Importing Pandas Library
We are starting the tutorial by importing the Pandas library.
import pandas as pd
import numpy as np
Pandas To_Frame : to_frame()
This function is used for converting the series data to dataframe.
Syntax
pandas.series.to_frame(name)
name : str – This parameter is used for substituting the series name.
Example 1: Simple example of pandas to_frame() function
In this example, we’ll look at a simple example of pandas to_frame function where we’ll able to learn about the conversion process of series data to dataframe.

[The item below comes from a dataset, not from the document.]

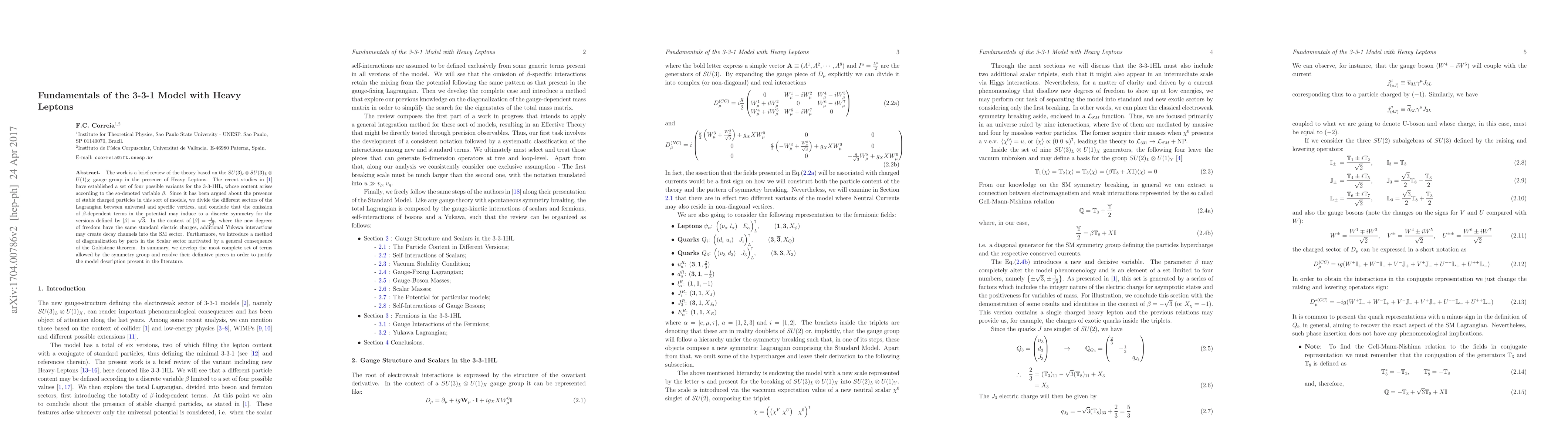Researchers review the 3-3-1 model with heavy leptons, exploring its variants and potential implications for particle stability and decay channels. They develop a comprehensive set of terms allowed by the symmetry group to justify the model's description.

s = pd.Series([9.5, 1.8, 92.28, 27.18, 19.2002])
s
0 9.5000 1 1.8000 2 92.2800 3 27.1800 4 19.2002 dtype: float64
s.to_frame()
0 | |
---|---|
0 | 9.5000 |
1 | 1.8000 |
2 | 92.2800 |
3 | 27.1800 |
4 | 19.2002 |
Example 2: Converting series datetime data into dataframe
Here a series that consists datetime data is converted to a dataframe.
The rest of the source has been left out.